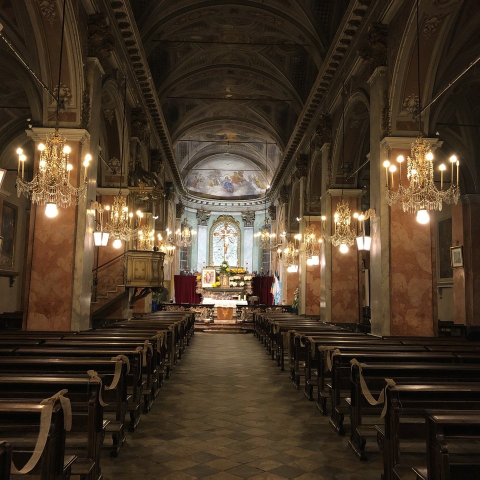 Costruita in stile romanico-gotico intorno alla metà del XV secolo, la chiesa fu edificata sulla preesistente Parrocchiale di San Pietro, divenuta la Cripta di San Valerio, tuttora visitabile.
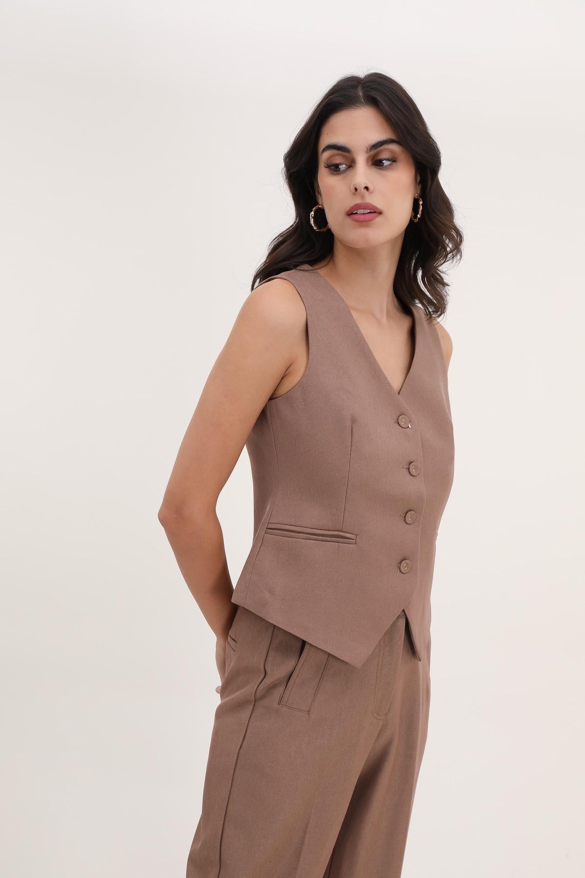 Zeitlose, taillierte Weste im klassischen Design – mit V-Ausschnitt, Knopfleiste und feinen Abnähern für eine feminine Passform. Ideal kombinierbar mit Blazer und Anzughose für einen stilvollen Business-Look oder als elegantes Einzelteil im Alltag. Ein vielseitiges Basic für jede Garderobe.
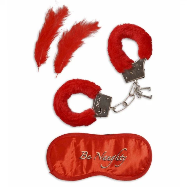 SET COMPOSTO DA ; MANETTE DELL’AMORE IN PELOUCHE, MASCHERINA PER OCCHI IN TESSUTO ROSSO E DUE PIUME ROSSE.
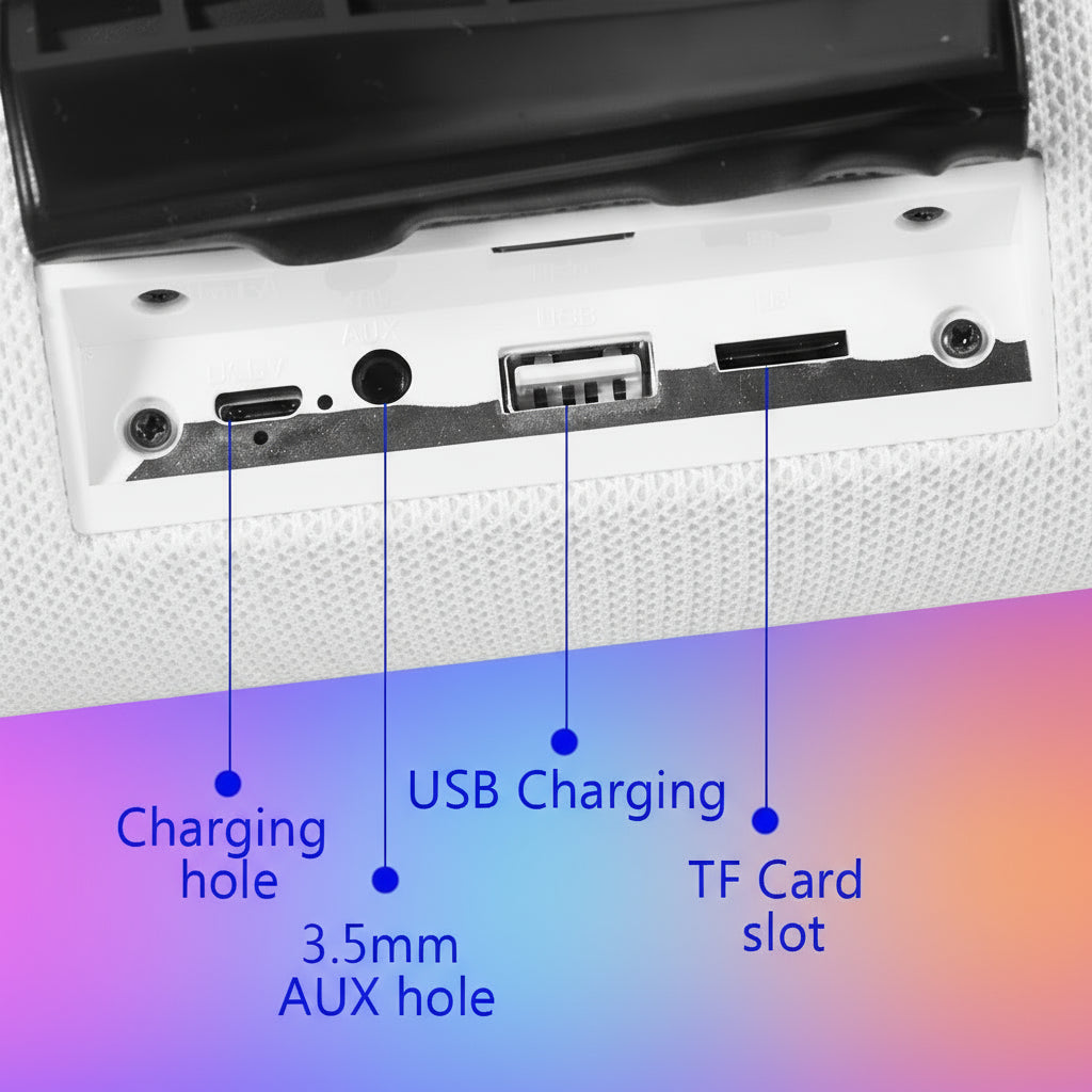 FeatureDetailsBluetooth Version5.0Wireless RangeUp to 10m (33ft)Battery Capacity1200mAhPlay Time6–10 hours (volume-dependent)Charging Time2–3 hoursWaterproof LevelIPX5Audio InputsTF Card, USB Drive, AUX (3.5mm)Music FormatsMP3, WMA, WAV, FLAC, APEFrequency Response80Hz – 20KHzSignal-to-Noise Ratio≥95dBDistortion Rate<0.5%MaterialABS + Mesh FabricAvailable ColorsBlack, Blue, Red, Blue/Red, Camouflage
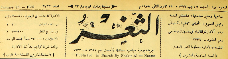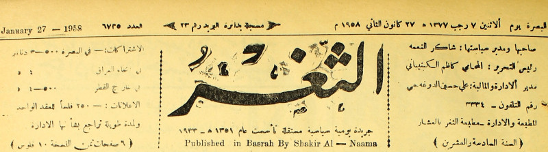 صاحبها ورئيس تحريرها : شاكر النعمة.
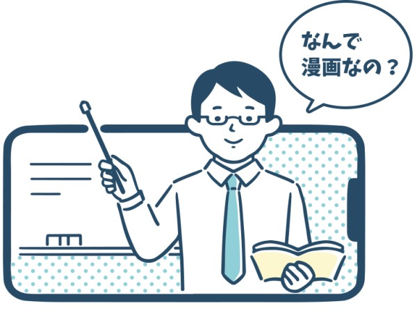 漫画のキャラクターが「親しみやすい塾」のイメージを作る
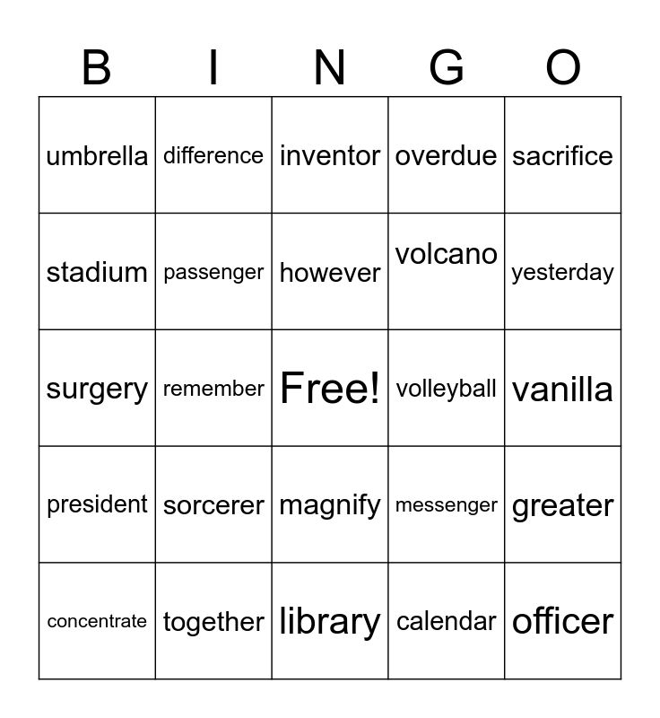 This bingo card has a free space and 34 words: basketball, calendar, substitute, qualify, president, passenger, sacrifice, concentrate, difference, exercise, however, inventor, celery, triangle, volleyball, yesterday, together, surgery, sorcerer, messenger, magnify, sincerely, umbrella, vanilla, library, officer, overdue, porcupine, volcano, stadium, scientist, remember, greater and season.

* * *

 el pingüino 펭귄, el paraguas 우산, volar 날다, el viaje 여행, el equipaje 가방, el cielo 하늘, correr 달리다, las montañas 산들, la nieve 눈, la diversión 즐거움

Task brief
Going by the data above, the answer is exactly the lines from the one holding "FeatureDetailsBluetooth Version5.0Wireless RangeUp" to the one holding "This bingo card", both kept, with the pictures left out.

Exercise solution
 FeatureDetailsBluetooth Version5.0Wireless RangeUp to 10m (33ft)Battery Capacity1200mAhPlay Time6–10 hours (volume-dependent)Charging Time2–3 hoursWaterproof LevelIPX5Audio InputsTF Card, USB Drive, AUX (3.5mm)Music FormatsMP3, WMA, WAV, FLAC, APEFrequency Response80Hz – 20KHzSignal-to-Noise Ratio≥95dBDistortion Rate<0.5%MaterialABS + Mesh FabricAvailable ColorsBlack, Blue, Red, Blue/Red, Camouflage
 صاحبها ورئيس تحريرها : شاكر النعمة.
 漫画のキャラクターが「親しみやすい塾」のイメージを作る
 This bingo card has a free space and 34 words: basketball, calendar, substitute, qualify, president, passenger, sacrifice, concentrate, difference, exercise, however, inventor, celery, triangle, volleyball, yesterday, together, surgery, sorcerer, messenger, magnify, sincerely, umbrella, vanilla, library, officer, overdue, porcupine, volcano, stadium, scientist, remember, greater and season.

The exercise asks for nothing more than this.